--- EXERCISE INPUTS Enclosed Below ---

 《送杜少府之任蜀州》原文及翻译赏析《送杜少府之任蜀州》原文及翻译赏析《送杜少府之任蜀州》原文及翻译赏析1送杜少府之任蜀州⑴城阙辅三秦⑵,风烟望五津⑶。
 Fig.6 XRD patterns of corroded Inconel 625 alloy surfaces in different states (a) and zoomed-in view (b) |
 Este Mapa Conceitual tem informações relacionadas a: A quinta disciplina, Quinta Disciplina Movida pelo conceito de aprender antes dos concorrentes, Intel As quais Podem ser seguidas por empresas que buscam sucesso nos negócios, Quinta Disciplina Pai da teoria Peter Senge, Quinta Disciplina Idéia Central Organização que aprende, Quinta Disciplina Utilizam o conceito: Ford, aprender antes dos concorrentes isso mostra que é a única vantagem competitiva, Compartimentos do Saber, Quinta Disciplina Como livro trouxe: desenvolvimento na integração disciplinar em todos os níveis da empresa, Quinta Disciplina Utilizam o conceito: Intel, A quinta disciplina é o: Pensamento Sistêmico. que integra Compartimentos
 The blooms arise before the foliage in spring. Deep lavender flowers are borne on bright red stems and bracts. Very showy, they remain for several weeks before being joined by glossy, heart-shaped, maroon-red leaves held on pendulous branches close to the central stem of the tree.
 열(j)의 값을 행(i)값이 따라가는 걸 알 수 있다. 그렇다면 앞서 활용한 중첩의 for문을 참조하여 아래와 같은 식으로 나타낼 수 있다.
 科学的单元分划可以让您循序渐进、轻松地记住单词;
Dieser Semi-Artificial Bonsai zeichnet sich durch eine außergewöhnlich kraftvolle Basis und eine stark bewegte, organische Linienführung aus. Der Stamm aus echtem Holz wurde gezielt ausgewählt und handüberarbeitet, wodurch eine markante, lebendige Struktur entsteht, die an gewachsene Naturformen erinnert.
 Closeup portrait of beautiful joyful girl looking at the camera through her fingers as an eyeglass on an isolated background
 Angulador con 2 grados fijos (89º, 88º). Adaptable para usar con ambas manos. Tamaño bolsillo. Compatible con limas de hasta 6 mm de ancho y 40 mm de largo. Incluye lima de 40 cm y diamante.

--- End of Enclosed EXERCISE INPUTS ---

Your output should be the lines from the one with "Closeup portrait of" through the last line of the entries above, copied exactly and nothing more.

**OUTPUT OF THE EXERCISE:**
 Closeup portrait of beautiful joyful girl looking at the camera through her fingers as an eyeglass on an isolated background
 Angulador con 2 grados fijos (89º, 88º). Adaptable para usar con ambas manos. Tamaño bolsillo. Compatible con limas de hasta 6 mm de ancho y 40 mm de largo. Incluye lima de 40 cm y diamante.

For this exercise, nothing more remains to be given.